# TASK INPUT:
━━━━━━━━━━━━━━━━━━━━━━━━━━━━━━
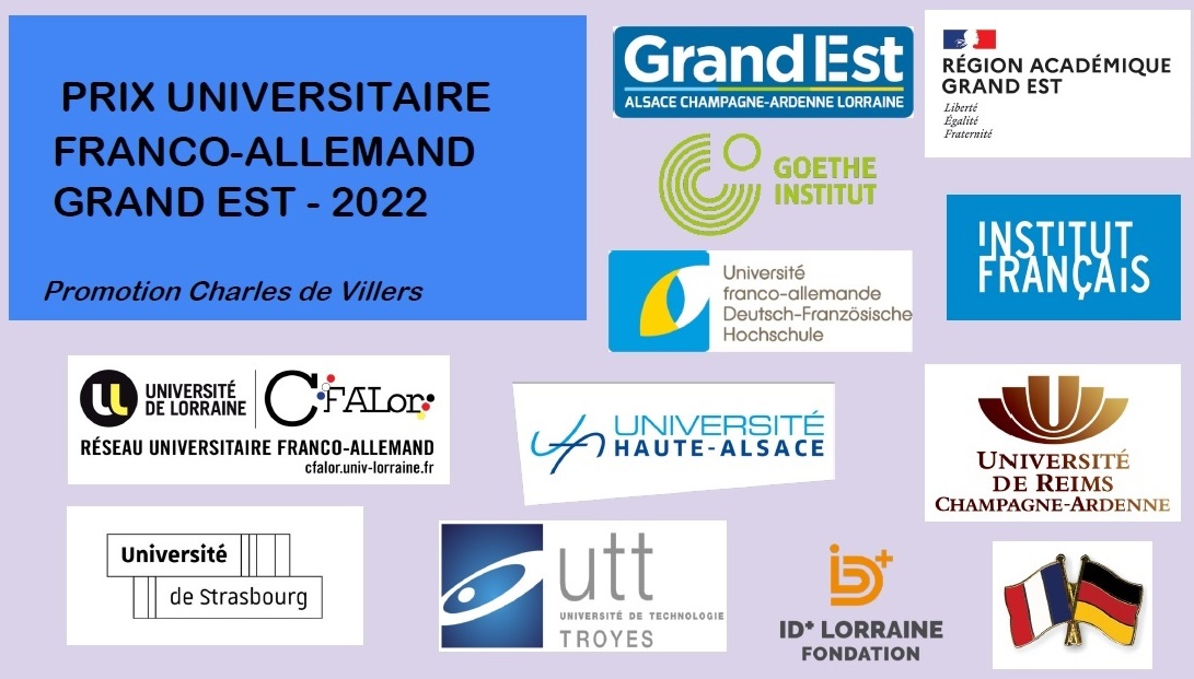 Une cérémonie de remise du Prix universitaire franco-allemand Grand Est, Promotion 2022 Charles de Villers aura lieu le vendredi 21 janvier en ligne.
━━━━━━━━━━━━━━━━━━━━━━━━━━━━━━
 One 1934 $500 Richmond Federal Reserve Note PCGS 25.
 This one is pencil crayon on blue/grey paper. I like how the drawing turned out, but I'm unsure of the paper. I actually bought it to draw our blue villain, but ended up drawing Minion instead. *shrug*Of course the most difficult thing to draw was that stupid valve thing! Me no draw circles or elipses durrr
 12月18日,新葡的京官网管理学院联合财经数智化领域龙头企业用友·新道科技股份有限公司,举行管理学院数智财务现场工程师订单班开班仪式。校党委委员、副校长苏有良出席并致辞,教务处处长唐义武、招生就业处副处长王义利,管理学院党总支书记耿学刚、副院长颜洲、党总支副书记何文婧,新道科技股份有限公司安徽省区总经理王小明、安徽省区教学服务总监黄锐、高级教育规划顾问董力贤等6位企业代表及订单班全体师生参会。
━━━━━━━━━━━━━━━━━━━━━━━━━━━━━━
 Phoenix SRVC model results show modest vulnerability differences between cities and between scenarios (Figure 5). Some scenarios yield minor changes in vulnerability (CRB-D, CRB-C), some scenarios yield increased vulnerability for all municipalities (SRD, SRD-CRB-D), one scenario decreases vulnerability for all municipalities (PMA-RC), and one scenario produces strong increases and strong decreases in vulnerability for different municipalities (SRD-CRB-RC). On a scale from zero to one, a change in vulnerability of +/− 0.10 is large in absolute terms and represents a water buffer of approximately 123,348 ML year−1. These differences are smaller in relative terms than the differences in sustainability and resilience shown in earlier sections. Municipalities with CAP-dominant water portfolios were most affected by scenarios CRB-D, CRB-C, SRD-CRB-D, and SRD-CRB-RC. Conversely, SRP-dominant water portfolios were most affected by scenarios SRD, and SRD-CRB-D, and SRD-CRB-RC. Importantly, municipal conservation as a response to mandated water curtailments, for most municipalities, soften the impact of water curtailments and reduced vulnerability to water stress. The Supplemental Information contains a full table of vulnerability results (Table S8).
━━━━━━━━━━━━━━━━━━━━━━━━━━━━━━
# TASK REQUIREMENTS:
Look through the entries above and list every line containing "most".

# TASK ANSWER:
 This one is pencil crayon on blue/grey paper. I like how the drawing turned out, but I'm unsure of the paper. I actually bought it to draw our blue villain, but ended up drawing Minion instead. *shrug*Of course the most difficult thing to draw was that stupid valve thing! Me no draw circles or elipses durrr
 Phoenix SRVC model results show modest vulnerability differences between cities and between scenarios (Figure 5). Some scenarios yield minor changes in vulnerability (CRB-D, CRB-C), some scenarios yield increased vulnerability for all municipalities (SRD, SRD-CRB-D), one scenario decreases vulnerability for all municipalities (PMA-RC), and one scenario produces strong increases and strong decreases in vulnerability for different municipalities (SRD-CRB-RC). On a scale from zero to one, a change in vulnerability of +/− 0.10 is large in absolute terms and represents a water buffer of approximately 123,348 ML year−1. These differences are smaller in relative terms than the differences in sustainability and resilience shown in earlier sections. Municipalities with CAP-dominant water portfolios were most affected by scenarios CRB-D, CRB-C, SRD-CRB-D, and SRD-CRB-RC. Conversely, SRP-dominant water portfolios were most affected by scenarios SRD, and SRD-CRB-D, and SRD-CRB-RC. Importantly, municipal conservation as a response to mandated water curtailments, for most municipalities, soften the impact of water curtailments and reduced vulnerability to water stress. The Supplemental Information contains a full table of vulnerability results (Table S8).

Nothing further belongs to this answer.